It says we define $w={\normalsize e}^{\Large{\frac{2\pi i}{N}}}$, the $N^{th}$ root of unity (that is $w^N=1$ )
also, $\bar{w}$ is the complex conjugate of $w$ that is since $w={\normalsize e}^{\Large{\frac{2\pi i}{N}}}$ then $\bar{w}$ $={\normalsize e}^{\Large{\frac{-2\pi i}{N}}}$
I am wondering should the complex conjugate of the root of unity be also 1. It is the only thing that makes sense to me to solve the below problem
so what i means is
$\bar{w}^N$=1=${w}^N$
also, as you will see below. is it also legal to do
$\bar{w}^{\textbf{-N}}$=1=${w}^N$ where that N is negative in the first part if you cannot see it.

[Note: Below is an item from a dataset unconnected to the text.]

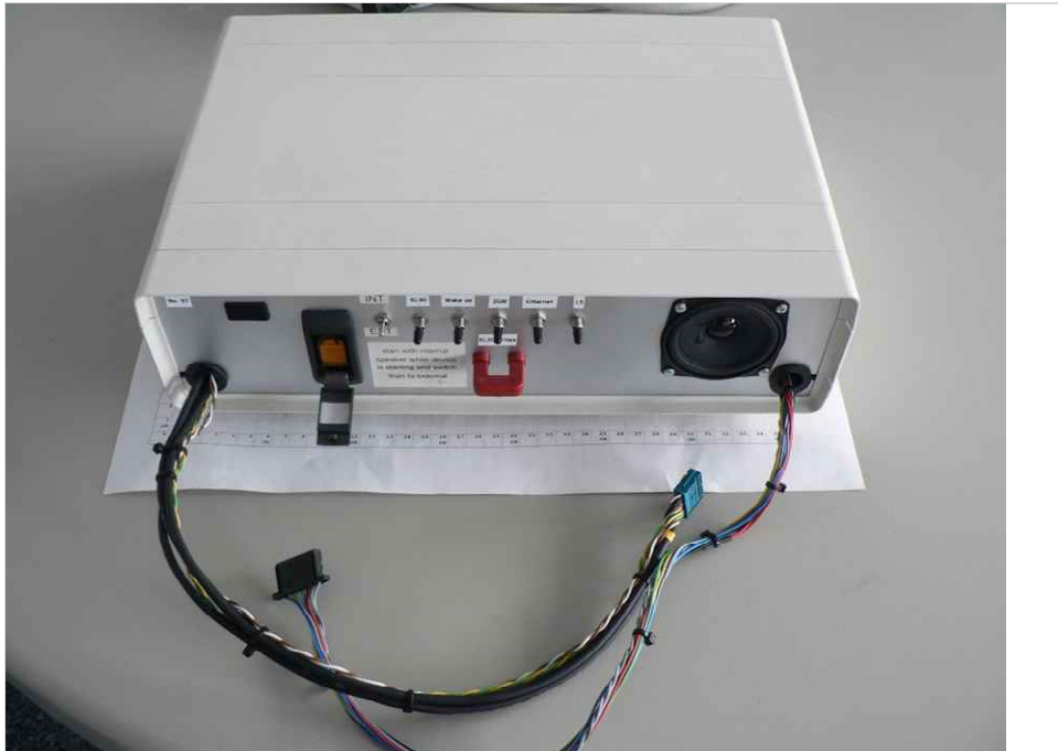
Photograph 3: AE03

If that is true than the calculation below would be correct.
I have read that in the root of unity it is always 1, so the complex conjugate would also have to be 1 in order for it to be a root of unity.

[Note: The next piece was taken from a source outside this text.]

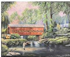
6th Place: Angie Weldon
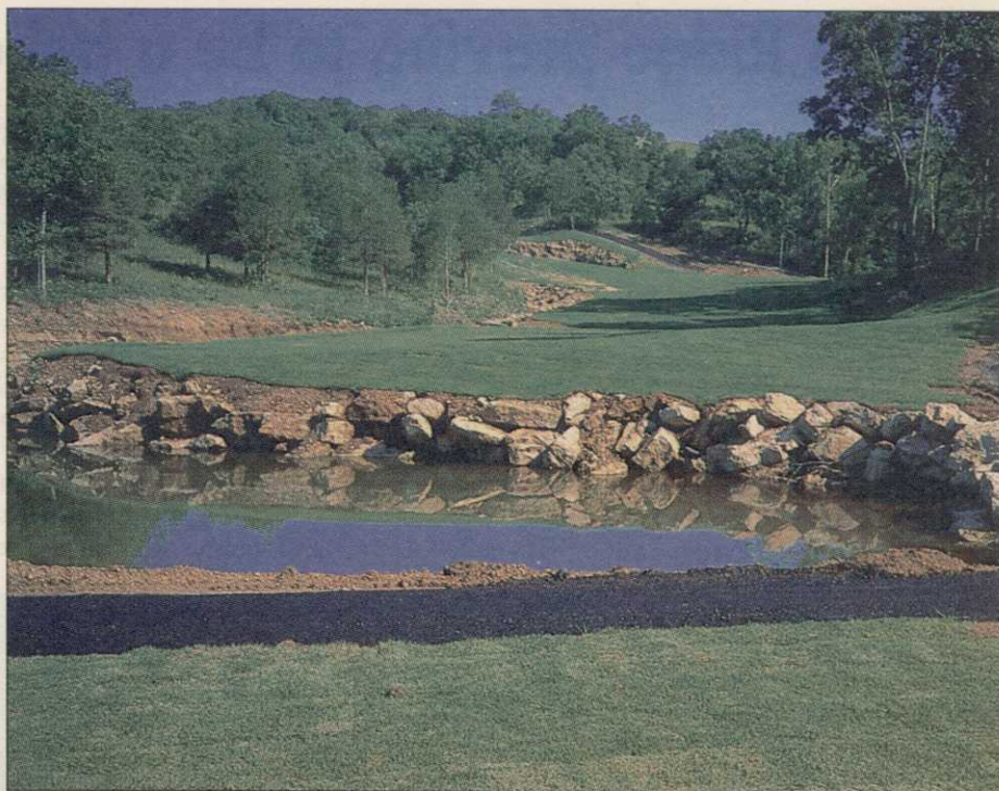
A view of LedgeStone Golf Course's 16th green viewed from the 17th tee. The par-4, 392-yard 16th, nicknamed The Big Chill, features a sharp dogleg right — and Kenny Rogers' new home on the hill.

My overall question is I am trying to do the below
$(\bar{w}^{(N-2)})^{N-2}$ needs to turn into $\bar{w}^4$
$(\bar{w}^{(N-1)})^{N-2}$ needs to turn into $\bar{w}^2$
$(\bar{w}^{(N-1)})^{N-1}$ needs to turn into $\bar{w}$
here is what i did for each of them
$(\bar{w}^{(N-2)})^{N-2}$ =$\bar{w}^{(N^2-4N+4)}$=$(\bar{w}^N)^N(\bar{w}^{-4N})(\bar{w}^4)$=(1)(1)($\bar{w}^4$)=$\bar{w}^4$
$(\bar{w}^{(N-1)})^{N-2}$=$\bar{w}^{N^2-3N+2}$ =$(\bar{w}^N)^N$ $(\bar{w}^{-3N})$ $\bar{w}^2$ = (1)(1)($\bar{w}^2$)=$(\bar{w}^2)$
$(\bar{w}^{(N-1)})^{N-1}$=$\bar{w}^{N^2-2N+1}$=$(\bar{w}^N)^N$ $(\bar{w}^{-2N})$ $(\bar{w})$=(1)(1)($\bar{w}$)=$(\bar{w})$
since we have the root of unity I am thinking i have completed the above part correctly.
This is all being used for a Vandermonde Matrix